ENTRIES SHOWN
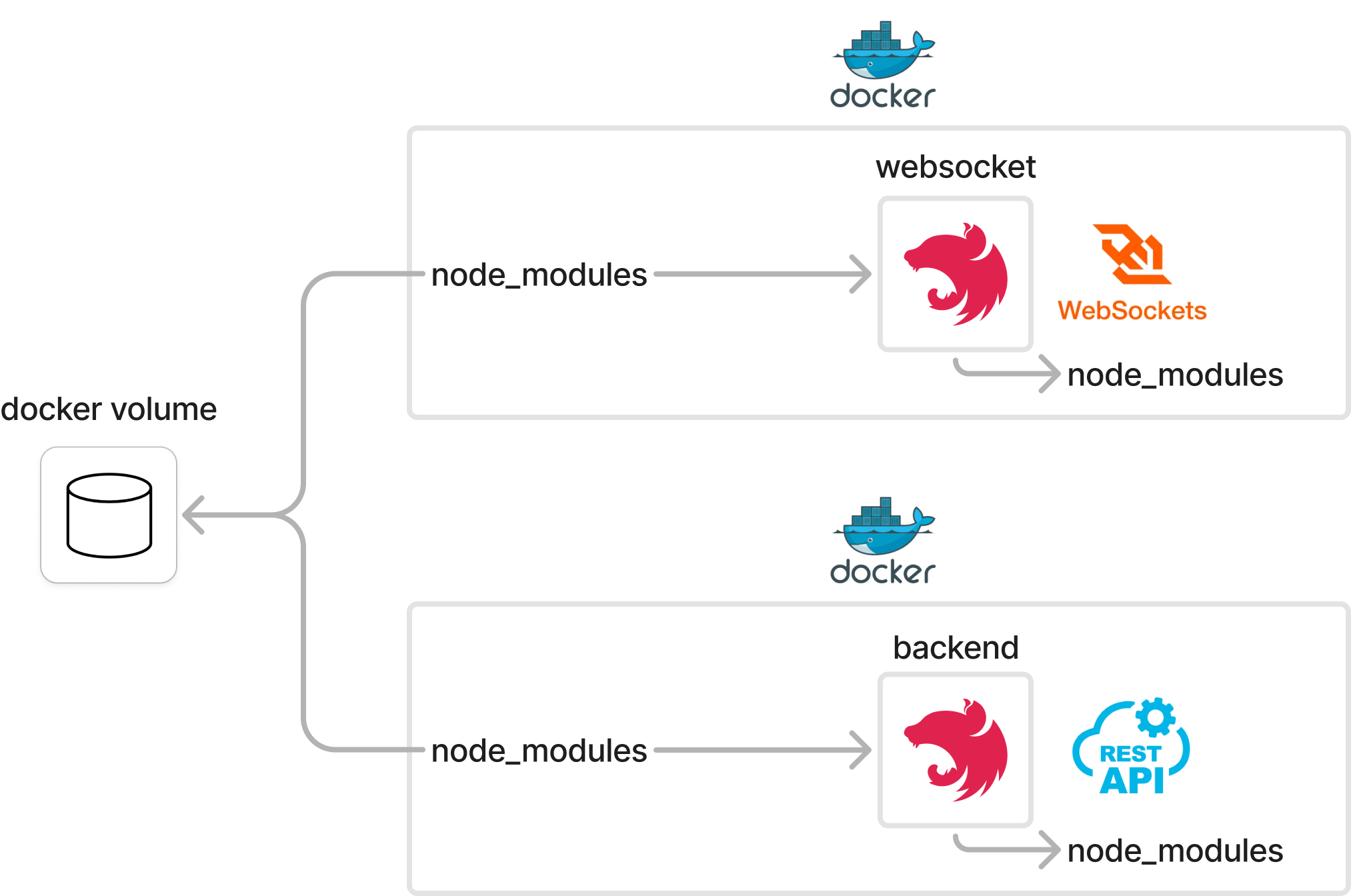중복 패키지를 방지하기 위해 docker volume을 사용하여 backend, websocket 컨테이너에 연결했습니다.
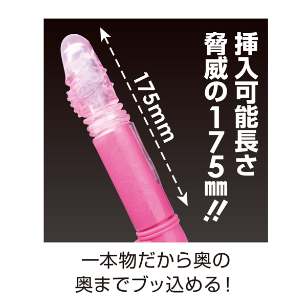 約17.5cmのロングボディで最奥まで突き上げる!Gスポ刺激にこだわった電池式ストレートバイブ(黒)。6Vの強烈ピストンで激しく突き上げ先端部分で振動刺激!挿入しやすいストレート形状にスイング&ピストン、36種類の振動パターンを搭載した高性能バイブ♪生活防水&静音設計
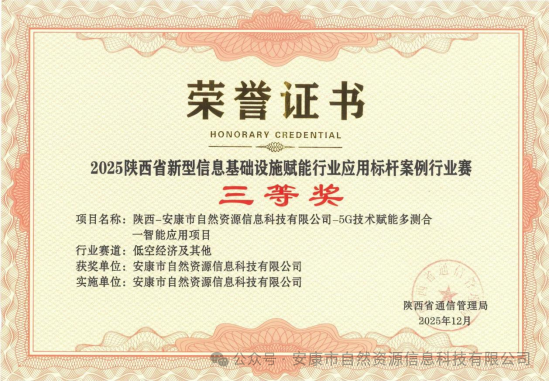 近日,由陕西省通信管理局等多部门组织开展的 “2025 陕西省新型基础设施赋能行业应用标杆项目” 评选结果公布,安康市自然资源信息科技有限公司申报的 “5G 技术赋能多测合一智能应用项目” 成功获评低空经济赛道三等奖。
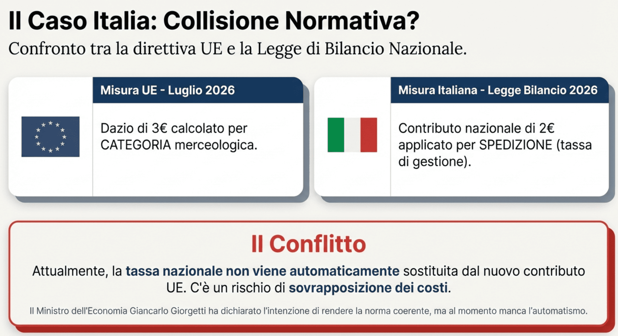 Come evidenziato da un’inchiesta di Wired Italia, l’Italia, ben prima della norma UE, ha introdotto un contributo nazionale di 2 euro sui pacchi sotto i 150 euro provenienti da Paesi extra UE, previsto dalla Legge di Bilancio 2026 dal governo guidato da Giorgia Meloni.
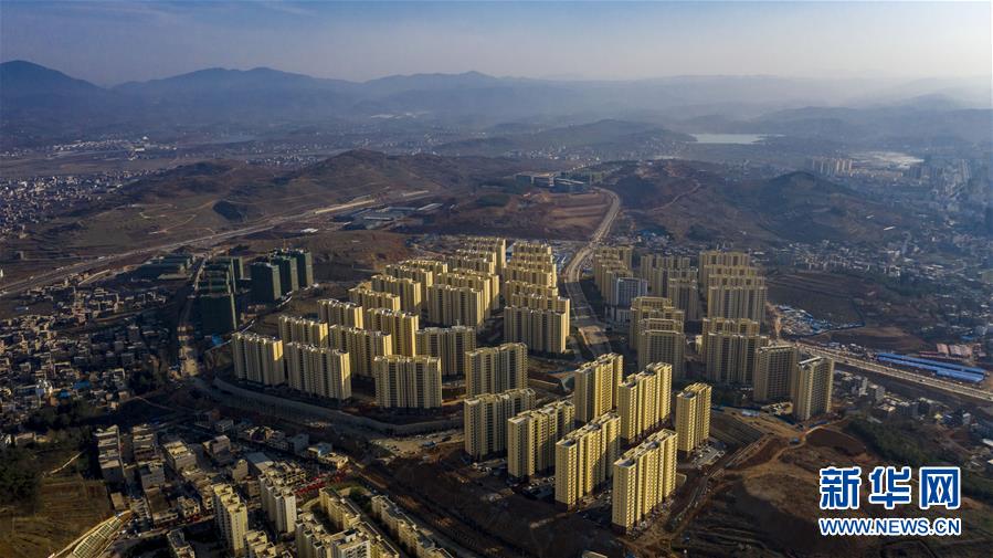 位于云南省魯?shù)榭h的卯家灣易地扶貧安置區(qū)(3月15日攝,無(wú)人機(jī)照片)。 新華社記者 江文耀 攝
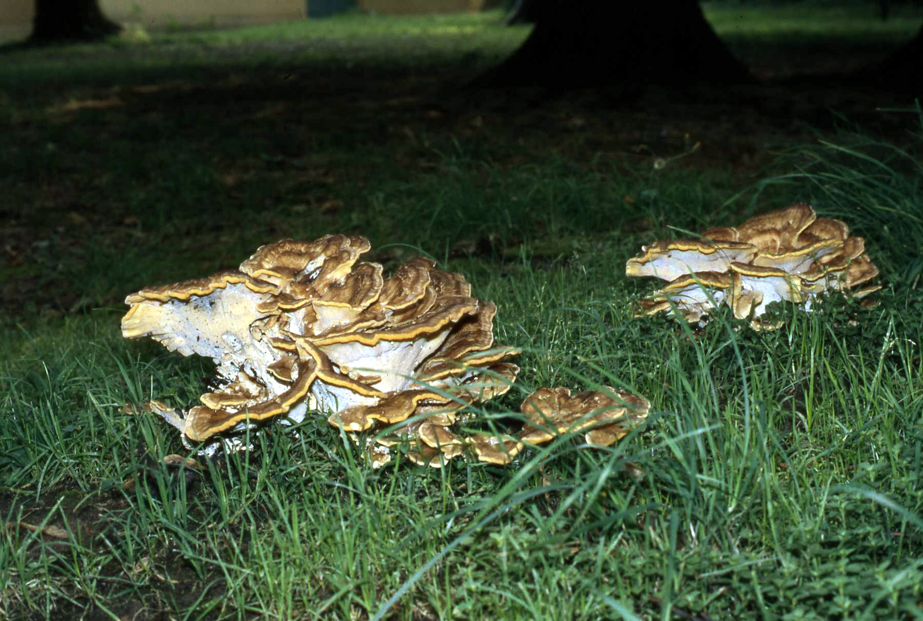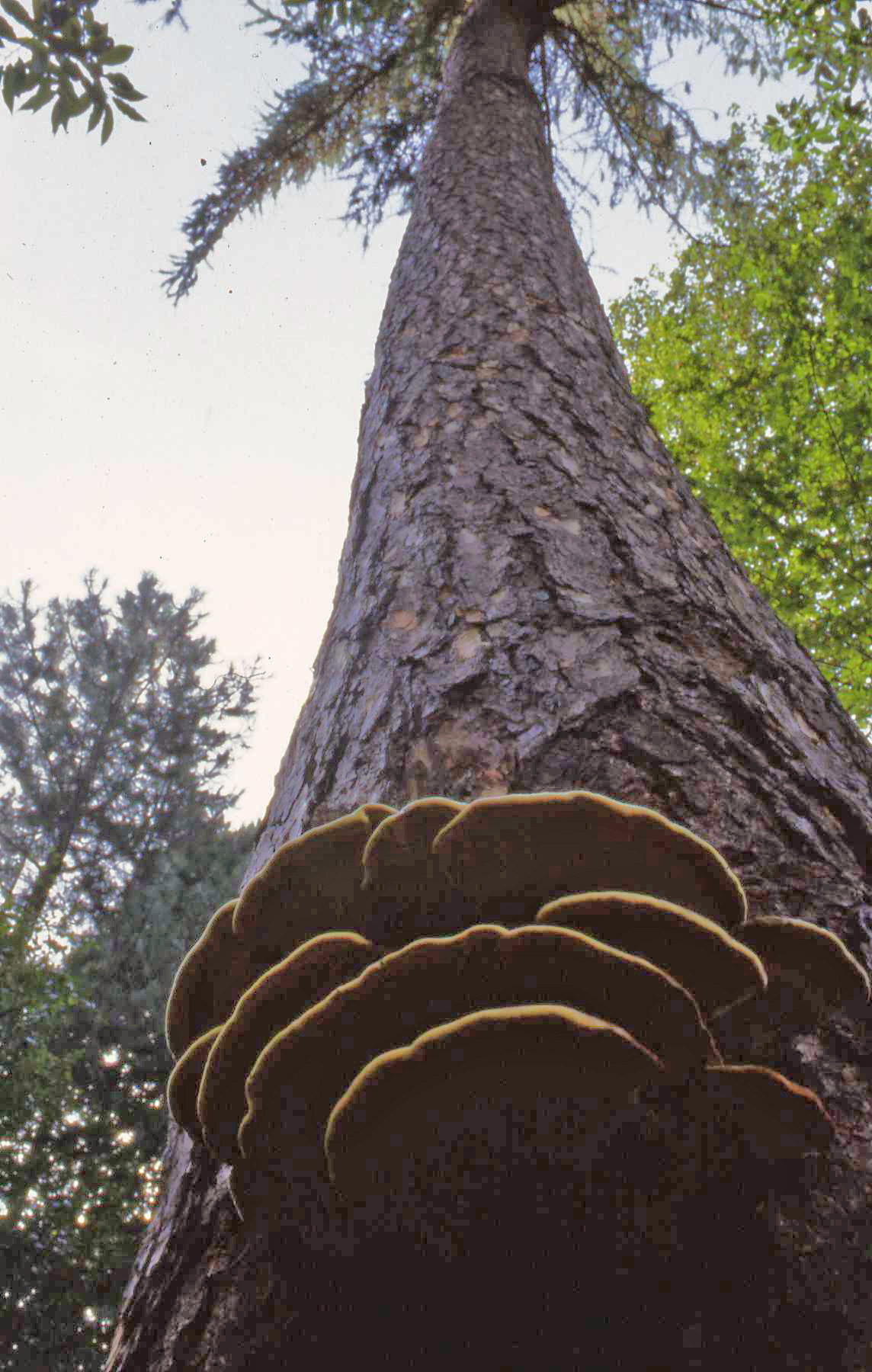 Phaeolus schweinitzii on larch. Causes basal decay. Serious worry amongst growers of timber.

DESCRIPTION OF THE TASK
Give back an exact reproduction of the entries, with all pictures excluded.

SOLUTION TO THE PROBLEM
중복 패키지를 방지하기 위해 docker volume을 사용하여 backend, websocket 컨테이너에 연결했습니다.
 約17.5cmのロングボディで最奥まで突き上げる!Gスポ刺激にこだわった電池式ストレートバイブ(黒)。6Vの強烈ピストンで激しく突き上げ先端部分で振動刺激!挿入しやすいストレート形状にスイング&ピストン、36種類の振動パターンを搭載した高性能バイブ♪生活防水&静音設計
 近日,由陕西省通信管理局等多部门组织开展的 “2025 陕西省新型基础设施赋能行业应用标杆项目” 评选结果公布,安康市自然资源信息科技有限公司申报的 “5G 技术赋能多测合一智能应用项目” 成功获评低空经济赛道三等奖。
 Come evidenziato da un’inchiesta di Wired Italia, l’Italia, ben prima della norma UE, ha introdotto un contributo nazionale di 2 euro sui pacchi sotto i 150 euro provenienti da Paesi extra UE, previsto dalla Legge di Bilancio 2026 dal governo guidato da Giorgia Meloni.
 位于云南省魯?shù)榭h的卯家灣易地扶貧安置區(qū)(3月15日攝,無(wú)人機(jī)照片)。 新華社記者 江文耀 攝
 Phaeolus schweinitzii on larch. Causes basal decay. Serious worry amongst growers of timber.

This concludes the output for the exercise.